XHR2 could do this without HTML providing flags by saying: If final MIME type is text/html let document be Document object that represents the response entity body parsed following the rules set forth in the HTML specification for an HTML parser with scripting disabled, ignoring internal encoding declarations discovered by the tree builder (i.e. only honoring the <meta> prescan for the first 1024 bytes for internal encoding declarations), without applying frequency analysis and using UTF-8 is the _default encoding_ in the last step of the algorithm for determining the character encoding.
I can do that too, but I would prefer an explicit interface.
http://www.w3.org/mid/Pine.LNX.4.64.1109301802140.29849@ps20323.dreamhostps.com
http://lists.w3.org/Archives/Public/public-webapps/2011OctDec/0023.html As far as I can tell, what would be needed is to say that the "encoding sniffing algorithm" should use exactly 1024 bytes (or all of them, if that's less), stalling without exception until either an encoding is found or 1024 bytes are processed, bypassing the optional heuristics and always defaulting to UTF-8. I suppose I could add a flag to that algorithm to enable that, though it would make it even more complicated which isn't great. I'm still not sure relying on this algorithm is a good idea at all, though.
So what's the story here? Do you still need this? I'm really not sure how to do this sanely in the HTML spec, given how confusing it would make the algorithm.
Waiting for Gecko implementation experience.
Please reassign to me if you do still want a change.

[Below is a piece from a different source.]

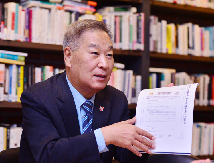 ඡායාරූපයෙන් දැක්වෙන්නෙ Sky Asia හි සභාපති Yoo Sun-ha කොරියාවේ සෝල් නුවර දී Korean Herald පුවත් සේවය සමඟ පැවති සම්මුඛ සාකච්ඡාවකදී මහනුවර කේබල් කාර් ව්‍යාපෘතියට අදාළ ලේඛන පෙන්වන ආකාරයයි.

Gecko does the following for HTML in XHR: * If there's a HTTP-level charset, use that. * Otherwise, if there's a BOM, use that. * Otherwise, run the prescan algorithm over the first 1024 and use the result if there is one. * Otherwise, use UTF-8. So the spec options that the XHR spec needs to flip in the HTML spec are: * Use the prescan up to exactly 1024 bytes without a timeout. (FWIW, I think this should always be done.) * Turn off the honoring of tree builder-discovered metas. * Turn off heuristic detection. * Clamp the last resort encoding to UTF-8 instead of a user-defined encoding.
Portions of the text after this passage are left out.